09 March 2017


When you have a dog, but you don't have a fully enclosed yard, you have to walk the dog, regardless of the weather, so you have to have appropriate seasonal clothing. I have had to venture out with the dog during blizzards, and I have a heavy-duty Eddie Bauer down parka that I bought over 20 years ago (still made in USA, back then) that is too warm to wear if it's above 20 or so.

But when conditions aren't quite so bad, I still need to be warm and (preferably) dry. About ten years ago, I bought a Woolrich jacket from Cabela's, and somehow it ended up being designated as my winter dog-walking (and snow-shoveling) jacket. I thought it was a good idea to use one jacket as much as possible, to minimize getting dog hair on everything. The shell is a wool blend, and it has a fleece lining and also some insulation.

But after many years of use, I was starting to feel like the jacket wasn't cutting it anymore. Even in temperatures around 25 to 30, with layers underneath, I was still cold, and it's not exactly waterproof or even water-repellent. Wool does have some natural water resistance, but I decided it was time to replace it with something more winterized. The challenge was finding something that hit my targets for functionality, with style being a secondary consideration, but still important enough.

I didn't want anything with down, because I already have that, plus I'm not a fan of the current trend in the styling of down outerwear (I can never not think of the Michelin Man). I did think it would be a good idea to get something with a waterproof shell, and also a hood; while I always wear a hat, and sometimes those behind-the-head earmuffs, there are times when the added protection of a hood is welcome. I used to hate coats with hoods, but sometimes it's more important to be practical. But if I'm going to use a hood, I want it to have some insulation in it, and not just be a piece of fabric that rolls into the collar (because then what's the point?).

I spent a couple of weeks browsing through multiple online stores, including outdoor outfitters I would never otherwise have reason to visit. I saw a lot of coats and jackets that were much more than I wanted to spend, and a lot of stuff I thought was quite ugly. I kept circling back to the standbys L.L. Bean and Lands' End. Bean has serious winter parkas, as well as a number of "3-in-1" jackets, but I didn't need or want to be able to separate the jacket into layers, and I found them to be a little overpriced too.

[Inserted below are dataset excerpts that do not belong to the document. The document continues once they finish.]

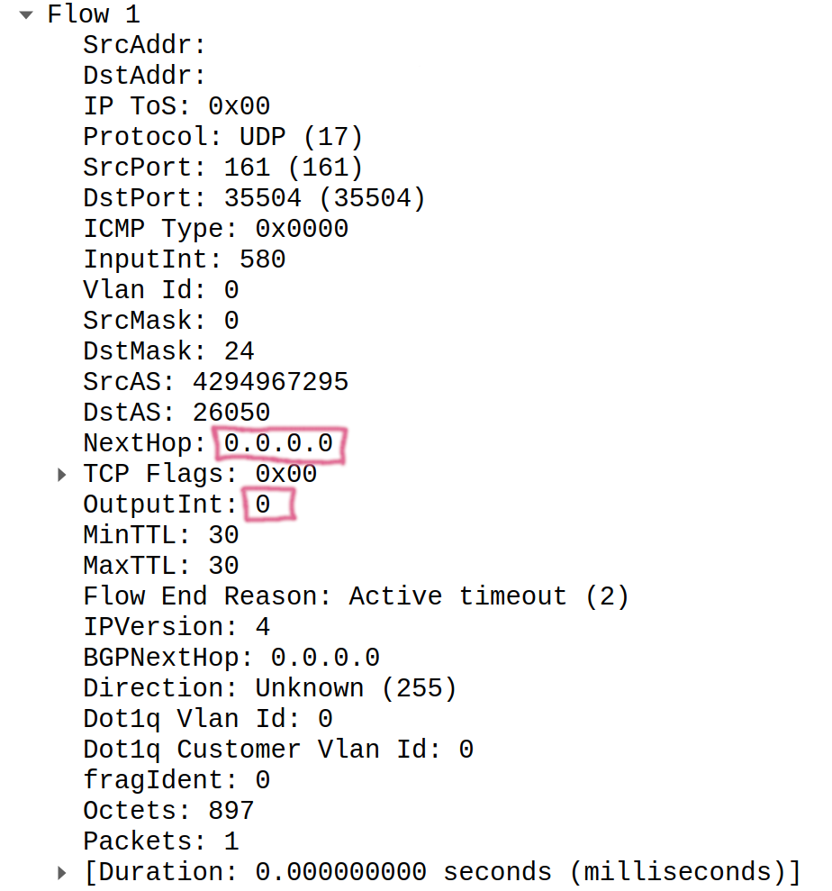 We use our own open source parsers (Netflow v9, IPFIX) to decode telemetry we receive from network equipment. Such pretty unique approach allows us to look on different implementations of traffic telemetry export from perspective of protocol implementation and from operational standpoint.
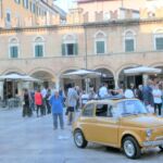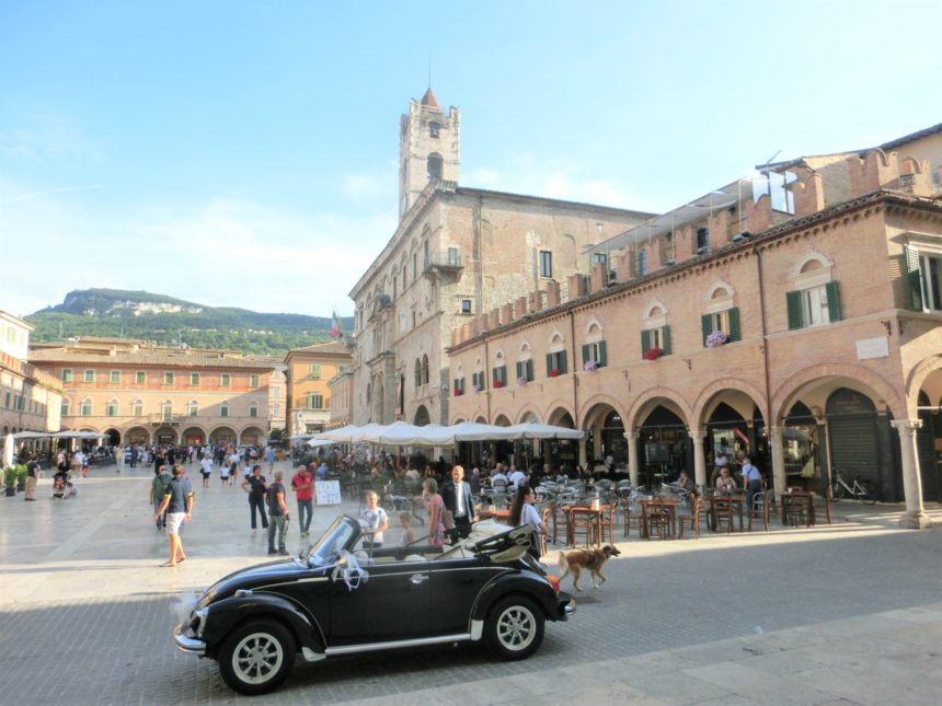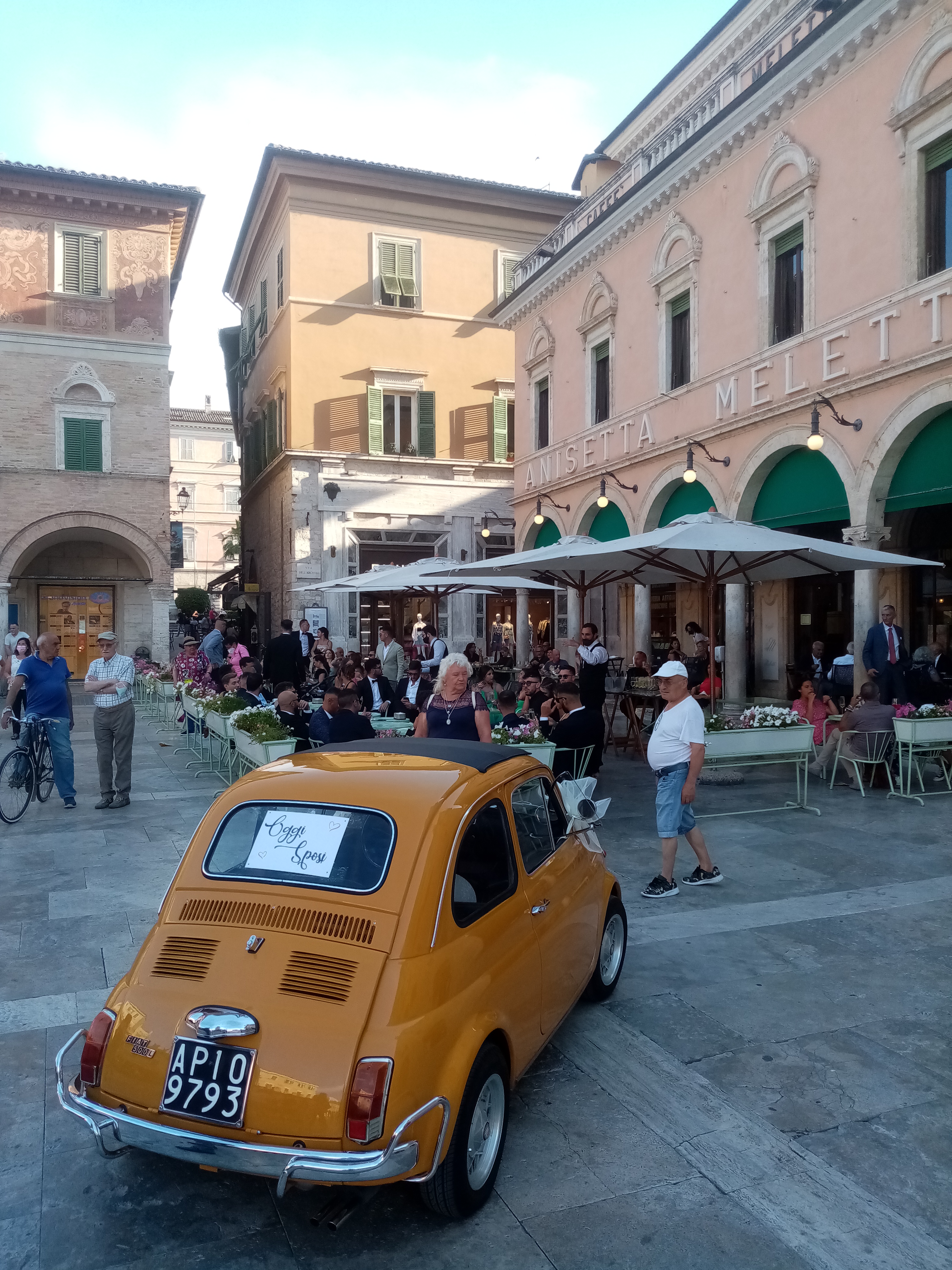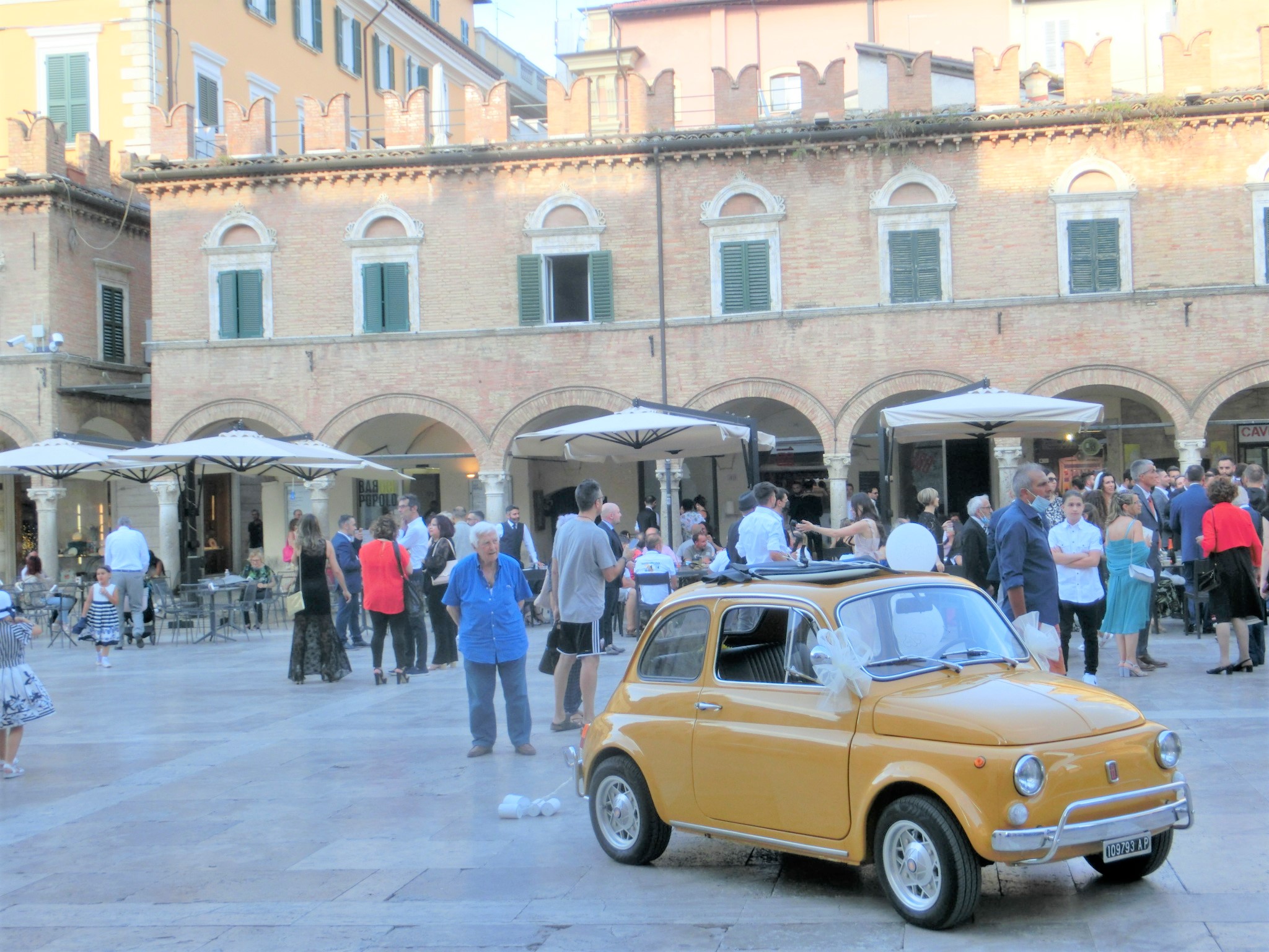1482年から教皇領でもあったからか、前述の2つの教会以外にも、大きな教会がたくさんあることに驚かされます。旧市街は東側に観光スポットや商店が多くありますが、西側は地元民のエリアといった感じで、その西エリアの2つの教会でちょうど結婚式が行われていました。散策の最後にもう一度ポポロ広場に戻った時は、この2組が教会から移動してパーティをやっているのも見ることに。この黒のオープンカー、黄色のチンクエチェントなど、車も可愛らしかった!(下のギャラリーに写真がありますので、イタリア車好きな方はぜひ)
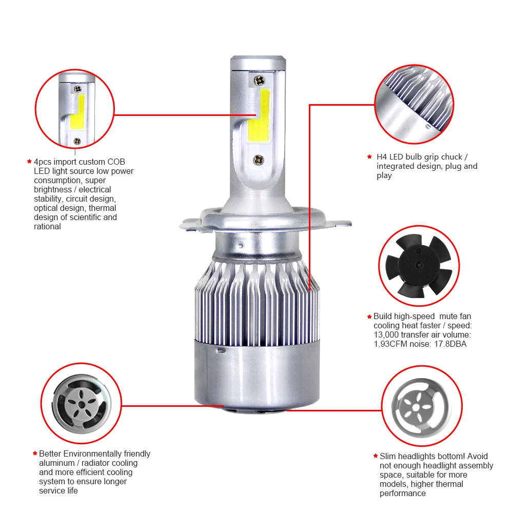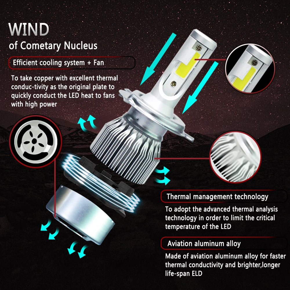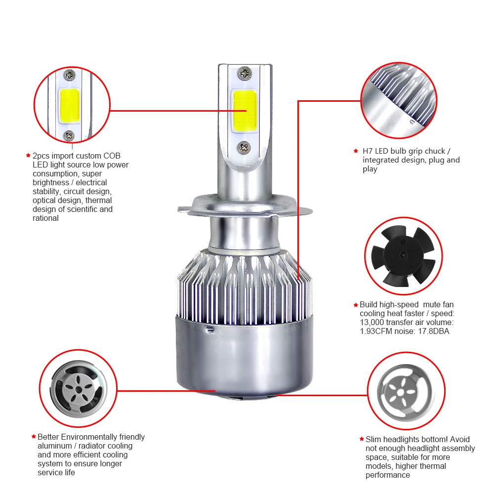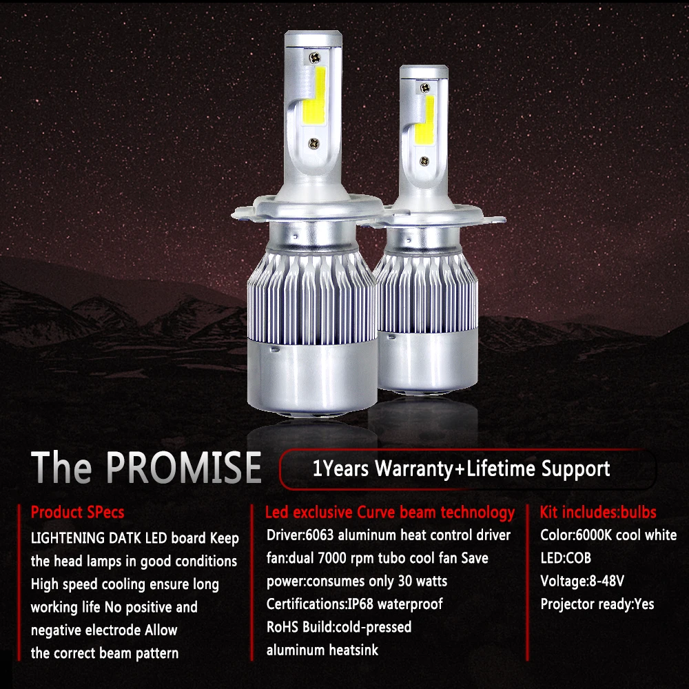 Application:LED Headlights Lamp Bulbs High or Low Beam
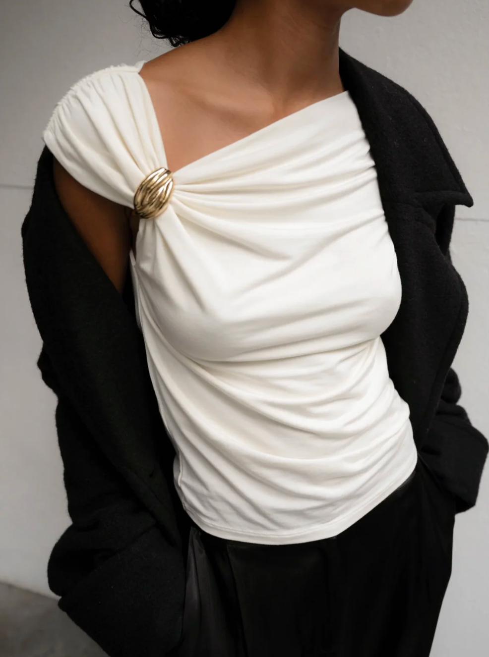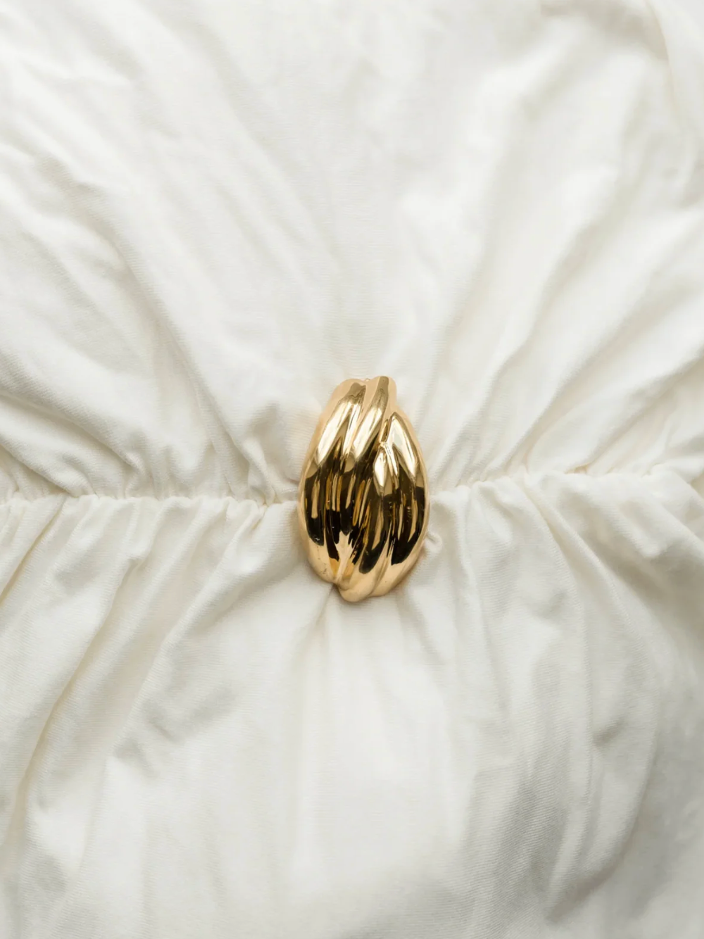BESKRIVELSE: Viveh Garment Clip er en premium brosje laget for å pryde de vakre toppene og kjolene fra Viveh. Brosjen er laget av rustfritt stål som er trukket med et lag av 14 karat gull, med en tidløs avrundet form. Pynt opp plagg med nålen eller samle stoffet for å lage en ekstra kul detalj.

Lands' End has had a bumpy few years, so they are always offering some sort of a discount code. If you miss one, chances are there will be another in a few days. And every now and then they do 50% off a single item. I decided to watch for one of these offers, and one showed up about a month ago. I also wanted the jacket to be red if possible, figuring it would be reasonably visible both at night and against snow.

I found a jacket that I liked, but it was only available in black, navy, or safety yellow. Yellow is not red; yellow and I have never gotten along. I don't like navy either, so that left black. (Maybe there were other colors available earlier in the season?) I wouldn't have wanted to pay the original asking price of $150, but for a marked-down $100 it was all right; with the code, half off that made it a legitimate bargain. I was pleased to find that it's decently put together, seems like it will last a while, and keeps me warm enough.

It does have a hood that's lined with fleece, so it is actually useful in the cold (with proper layering underneath). I'd had it about a week before I realized that the hood is removable. (It probably says that somewhere in the description, but I didn't catch it.) I had only one minor complaint: when it's zipped up all the way, there's a gap between my neck and the coat. When I'm taking the dog out for "last call" at 11 pm or so, I don't want to have to fuss with winding a scarf around my neck. So I found one of those "neck warmer" things to fill the space. When it's cold enough, it's quicker and easier to pull that over my head.

I just need to be careful when I'm crossing streets, and remember that I'm not quite as visible as I ought to be.